Write out exactly, and only, the lines below from the line with "这个动画的拖拽效果也有非常详" through the line with "html 파일이 존재한다."; pictures do not belong in the copy.

■ **PROVIDED RECORDS**

*** Begin section ***

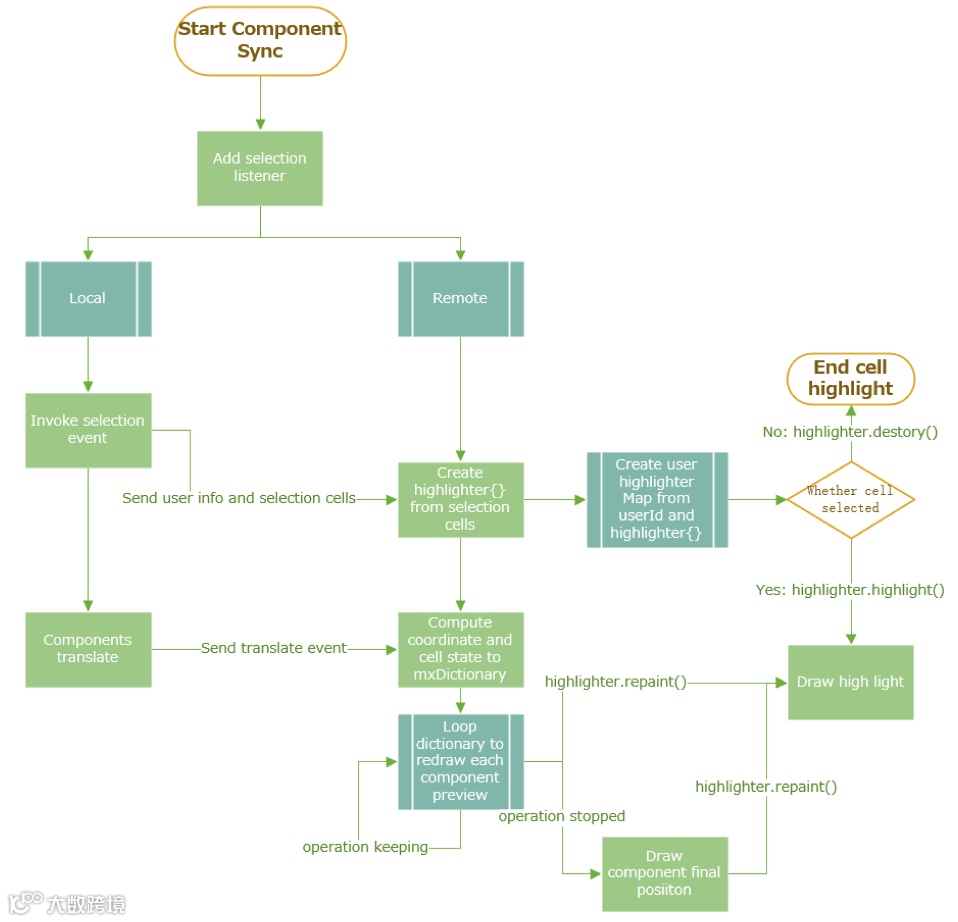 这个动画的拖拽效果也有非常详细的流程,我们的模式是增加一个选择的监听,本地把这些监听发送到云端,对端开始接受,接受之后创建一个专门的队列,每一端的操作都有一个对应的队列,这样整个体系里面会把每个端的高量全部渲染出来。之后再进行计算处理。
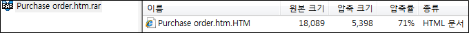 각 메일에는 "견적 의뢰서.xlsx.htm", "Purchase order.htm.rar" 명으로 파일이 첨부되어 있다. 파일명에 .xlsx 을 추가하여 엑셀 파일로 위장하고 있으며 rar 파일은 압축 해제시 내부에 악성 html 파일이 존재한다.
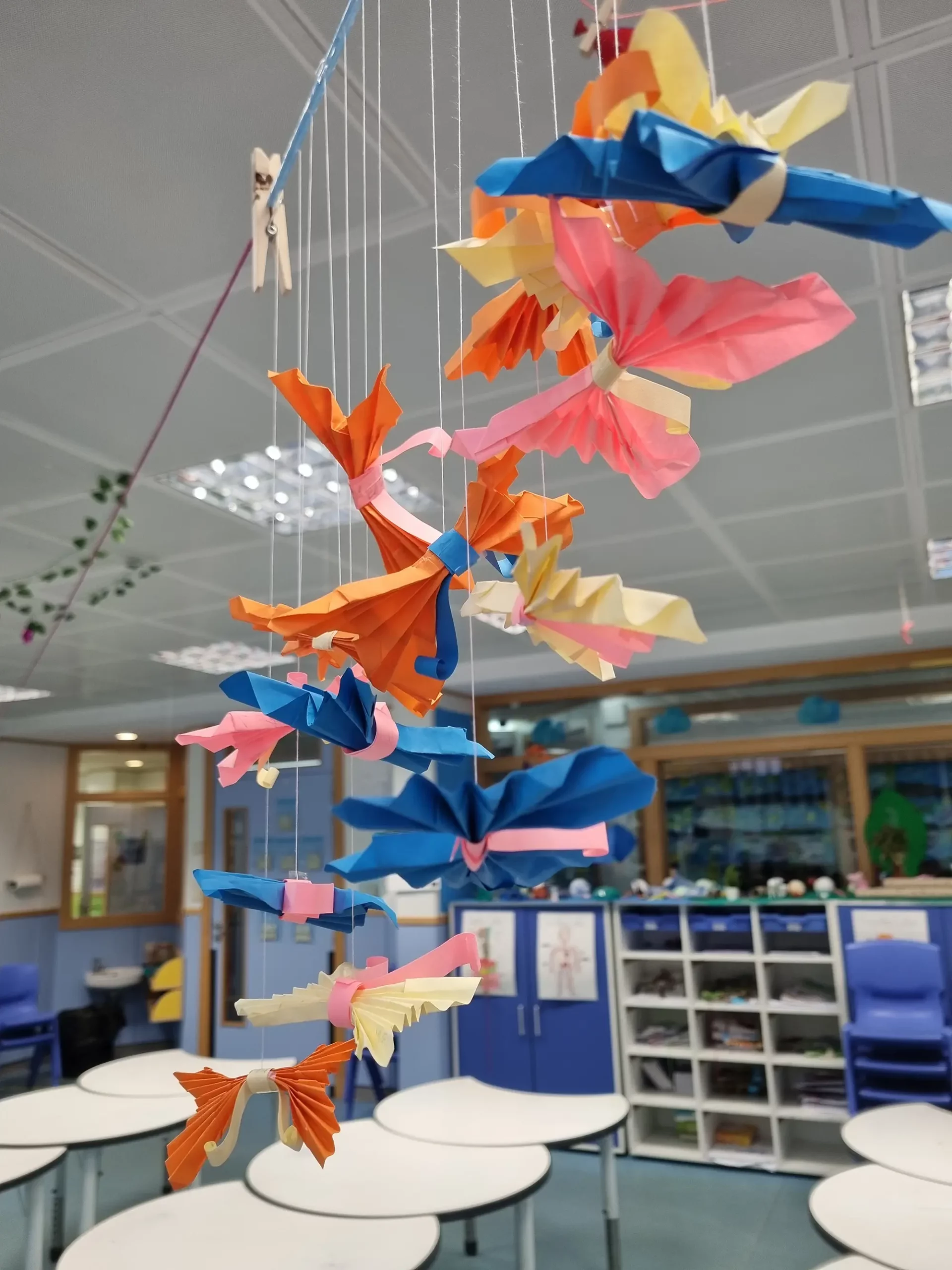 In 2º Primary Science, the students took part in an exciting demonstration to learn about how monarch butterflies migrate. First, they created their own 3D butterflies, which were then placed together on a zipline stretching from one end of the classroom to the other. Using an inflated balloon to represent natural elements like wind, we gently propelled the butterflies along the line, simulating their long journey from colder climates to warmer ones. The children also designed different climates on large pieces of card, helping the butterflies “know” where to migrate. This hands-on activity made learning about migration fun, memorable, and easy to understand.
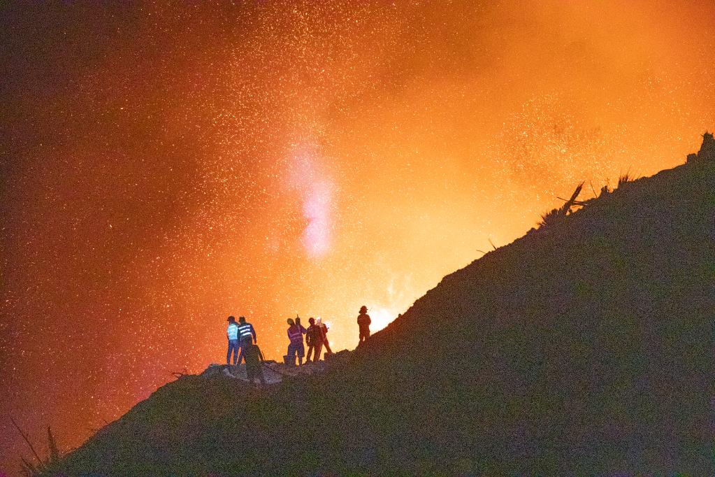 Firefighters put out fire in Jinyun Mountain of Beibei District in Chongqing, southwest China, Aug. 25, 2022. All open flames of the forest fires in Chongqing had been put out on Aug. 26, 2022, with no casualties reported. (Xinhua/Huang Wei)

*** End section ***
*** Begin section ***

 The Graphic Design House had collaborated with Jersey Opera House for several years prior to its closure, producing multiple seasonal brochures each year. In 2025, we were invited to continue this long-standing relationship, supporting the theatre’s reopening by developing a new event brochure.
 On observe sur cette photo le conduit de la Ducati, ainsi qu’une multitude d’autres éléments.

*** End section ***

■ **EXERCISE OUTPUT**
 这个动画的拖拽效果也有非常详细的流程,我们的模式是增加一个选择的监听,本地把这些监听发送到云端,对端开始接受,接受之后创建一个专门的队列,每一端的操作都有一个对应的队列,这样整个体系里面会把每个端的高量全部渲染出来。之后再进行计算处理。
 각 메일에는 "견적 의뢰서.xlsx.htm", "Purchase order.htm.rar" 명으로 파일이 첨부되어 있다. 파일명에 .xlsx 을 추가하여 엑셀 파일로 위장하고 있으며 rar 파일은 압축 해제시 내부에 악성 html 파일이 존재한다.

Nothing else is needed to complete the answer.